Se trata de un ejercicio espiritual con las herramientas y técnicas de una planificación rigurosa. Es decir, es un discernimiento comunitario que aprovecha y adapta las herramientas y procesos de una planificación estratégica para reavivar el carisma ignaciano, buscar la voluntad de Dios en la escucha al Espíritu.


El Plan Apostólico Provincial que emprende la Compañía de Jesús en Bolivia se caracteriza por basarse en la comunidad como  unidad de planificación para pasar del razonamiento lógico individual al discernimiento comunitario. Es decir, no será un solo jesuita o un grupo de jesuitas que determine cómo debe enfocarse y dirigirse la planificación. Será un trabajo de todos, para todos, con todos.

Para la Comisión de Planificación este proceso de escucha del Espíritu comprende tres momentos. El primero es crear un clima de discernimiento desde las comunidades; segundo, leer qué dice el Espíritu en situaciones que pueden ser complejas, el Kairós; y, tercero, reavivar la esperanza que permita aterrizar en  obras lo que el Espíritu nos dice porque la Compañía es un cuerpo para la misión.

“No queremos que sean las personas las que planifiquen, sino las comunidades porque la Compañía es un cuerpo. Cuando hablamos de que la unidad de planificación es la comunidad estamos hablando de una nueva manera de enfrentar la planificación que nos permita superar las visiones personales, los intereses personales. Lo que nos interesa es ver, en la comunidad y a través de ella, qué es lo que el espíritu nos dice”, afirmó el P. Enrique Oizumi.

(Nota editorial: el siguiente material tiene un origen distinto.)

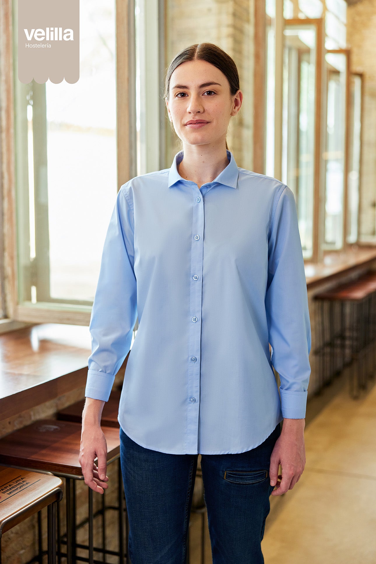 Modelul 405011 este o cămașă damă cu mânecă lungă, din poplin 115g, cu guler italian, clapetă frontală dublă, platcă pe spate și barete elegante pe piept și spate. Ideală pentru ținute de lucru sau uniforme elegante.Caracteristicile principale ale produsului:

Esta novedosa y compleja estrategia de planificación surge en medio de un análisis realizado por la Comisión de Planificación ante un clima no muy favorable por los cambios de paradigmas actuales en  los que la vida religiosa está sumida y porque en ésta no existe una cultura evaluativa.

De esta manera, se decidió mezclar elementos técnicos de planificación con lo mejor de la espiritualidad ignaciana, el discernimiento, para otorgar un tono espiritual a lo que en otros lugares se haría frente tan solo con una encuesta.

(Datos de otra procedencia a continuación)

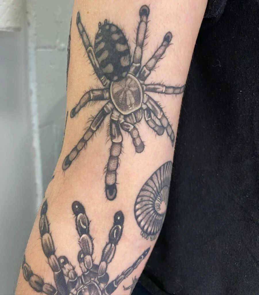 This tattoo showcases a highly detailed tarantula, emphasizing its textured legs, patterned abdomen, and lifelike anatomy. The fine shading and intricate linework give the design depth and realism, capturing the spider’s natural form. Positioned alongside other insect-inspired tattoos, it creates a cohesive entomological theme.

Por tanto, la dinámica del primer momento, crear un clima de discernimiento, se llevará adelante durante dos meses. Es decir, cada quincena los jesuitas reciben una Guía y otros documentos para su oración y reflexión. Culminando la quincena, la comunidad se reúne nuevamente para compartir lo sentido, lo vivido, lo reflexionado y luego ser trasmitido a la Comisión de Planificación para su integración y estructuración.

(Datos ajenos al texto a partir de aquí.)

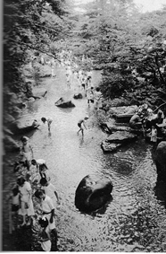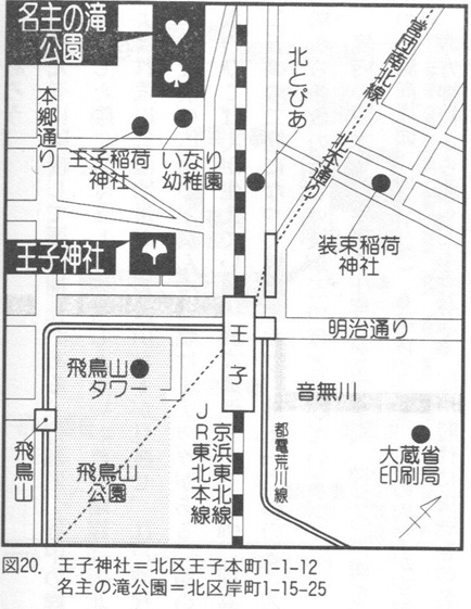 | フィールド先生― 映画「黒川の女たち」を、見てきました。 見るまでは、何か重たい気分でしたが、満蒙開拓を歴史的にしっかり位置づけ、タブーになっていた「性接待」を、なかったことにはできないと告発した女性たち。 黒川開拓団遺族会の中には、差別と偏見から守るためには隠蔽?しかないという意見がある中、現在の遺族会会長をはじめとする地域の取り組みによって、石像でしかなかった「乙女の碑」に、その歴史を刻んだ碑文が建てられた。 それによってトラウマから解放され、笑顔が戻った女性たち。 何度も涙が流れました。 見てよかったです。 アルフレッド-「黒川の女たち」は、各地で上映中です。(※1) 明日、ユーロスペースでのトークイベントのゲストは平井和子さんです。 (https://kurokawa-onnatachi.jp/) 今日は、王子界隈フィールドワークを続けます。 このコースは観光コースです(※2)が、実は戦跡めぐりでもあります。 石鍋秀子さんが描いた地図「昭和5年頃の岸町界隈」(※3、p3)だと、左下端の「秀子」という署名のあたりに石鍋商店があります。 店内の席が埋まっていたので、お店の前でご主人(石鍋秀子さんの息子さん)にお話を聞いて、葛餅を買いました。 お母さんの石鍋秀子さんによると、昭和の初めころ=95年ほど前は、飛鳥山から音無川辺、王子神社から名主の滝にかけて、たくさんの茶店があったそうです。 石鍋秀子さん(※3、p8、63)― それらの茶店で昭和のはじめ頃売られたものは、春はおでん・だんご・茹で卵・くず餅・甘酒、夏はかき氷・ラムネ・ところ天、秋はきぬかつぎ・おでん・茹で卵、一年中売っていたのは、おせんべい・飴玉など、どこでも同じようなものでした。 桜の花が咲き、飛鳥山が一ぺんににぎやかになる。飛鳥山には高い所に一年中五軒ほどの茶店があり、縁台には赤い布が敷かれ、ゆで玉子が山とつまれ、大鍋にはおでんが湯気を上げていた。くず餅や、ところ天なども売られ、我が家も急に忙しくなる。荒川土手の五色桜にも、鹿浜の虫切りにも配達する。飛鳥山にも車がないからリヤカーや自転車、また大八車で運ぶのだから大変で、父の兄弟やら従兄弟たちも来て今ならアルバイトの人たちでごった返した。 ジモティ・ミドルー 石鍋商店の葛餅が、ただただ美味しいのではなく、それが背負っていた記憶と一緒に味わえたのが大変によかったです。 女将― 急がないと! 「名主の滝」(※4)の、「金魚すくい」に間に合わない! アルフレッドー 「金魚すくい」? 縁日の、水槽の回りにみんながしゃがみ込んでる、あれですか? 水槽の中で泳いでる金魚を、紙の網「ポイ」で追い回してすくいとる? 三太― 違う違う。 「名主の滝の金魚すくい」は、名主の滝から流れて来る水面に向けて撒かれた金魚を、つかまえるんだ。 アルフレッドー 金魚を撒く? 節分の「豆撒き」とか、上棟式の「餅撒き」みたいに? お寺の放生会とか施餓鬼とかで、生きてる鳥や魚を放つ行事があるそうですが… 金魚を放流するのは、今の日本では禁止している地域もあるそうです。 女将― ずうっと前、「ドジョウ施餓鬼」に行ったことがあった、埼玉県杉戸町の永福寺(※5)。 ドジョウを放流する、ドジョウはちょうど「そうめん流し」のそうめんみたいに、樋を流れ落ちて、下の池にポッチャン。 アルフレッドー 放つのと、つかまえるのとじゃ、全く逆のようですが。 三太― 違う違う。 「名主の滝の金魚すくい」は、お寺とも民俗とも無関係な、遊園地のアトラクション。 昭和30年前後、遠くから来る家族連れにも、近所の小学生たちにも楽しみだった。 ジモティ・シニアさん、やったでしょ? ジモティ・シニアー う~ん、覚えてないなあ…学区が違うと知らなかったのかなあ… 女将― 北区のHP(※4)に、名主の滝は、「昭和20年4月の空襲により焼失し、ようやく東京都によって再公開されるようになったのは昭和35年11月でした。」とあり、 【東京湧水巡礼】(※6)の筆者さんは、北区HPにならったのか、 「戦災で全焼、敷地は1960年にようやく再公開され、1975年に北区の公園となった。小学生の夏休み、自転車に乗って水遊びに来たことが何度もあったが、公園になってちょうど数年しか経っていなかった時期だったということだ。…宿題の絵日記にも何度か描いた記憶がある。」と書いてる、「金魚すくい」のことは言及してない。 どうやら、名主の滝は、戦災に遭った1945年から1960年までの間、閉鎖されていたと思われてるらしい。 昭和10年代、名主の滝は、精養軒が経営する東京近郊の遊園地だった。食堂などの施設は地元の大人の会合の場だったし(※7)、空襲で施設が焼失した戦後も、滝と流れとプールは子どもたちの天国だった。 ということは、「金魚すくい」は、1960年に精養軒が東京都に売却するまでの、民営の遊園地のアトラクションだったということか。 やっぱり石鍋秀子さんに聞いてみよう。 秀子さんの描いた地図(※2)の真ん中には、名主の滝の、男滝からの流れが注

Según el padre Oizumi, algunos superiores de las comunidades en la Consulta Ampliada recibieron con sorpresa este nuevo planteamiento, ya que el discernimiento es visto por muchos como el discernimiento sobre algo concreto. En cambio, el modelo de planificación que estamos llevando adelante propone un discernimiento más complejo donde se trabaja desde una escucha del Espíritu, es decir, oyendo a todas las comunidades como un cuerpo.

“Yo creo que aquí se trata de reavivar lo más profundo la vocación del jesuita,  lo que nos distingue de los demás carismas, la obediencia que no es otra cosa que, lo que estamos haciendo con esta planificación,  la búsqueda de la voluntad de Dios”, concluyó.

En mayo se realizó en Cochabamba la Consulta Ampliada entre el P. Provincial, Osvaldo Chirveches, su Consulta y los superiores de todas las comunidades para abordar la elaboración en conjunto de este proceso de planificación apostólica que regirá a la Compañía de Jesús de Bolivia durante los próximos cinco años.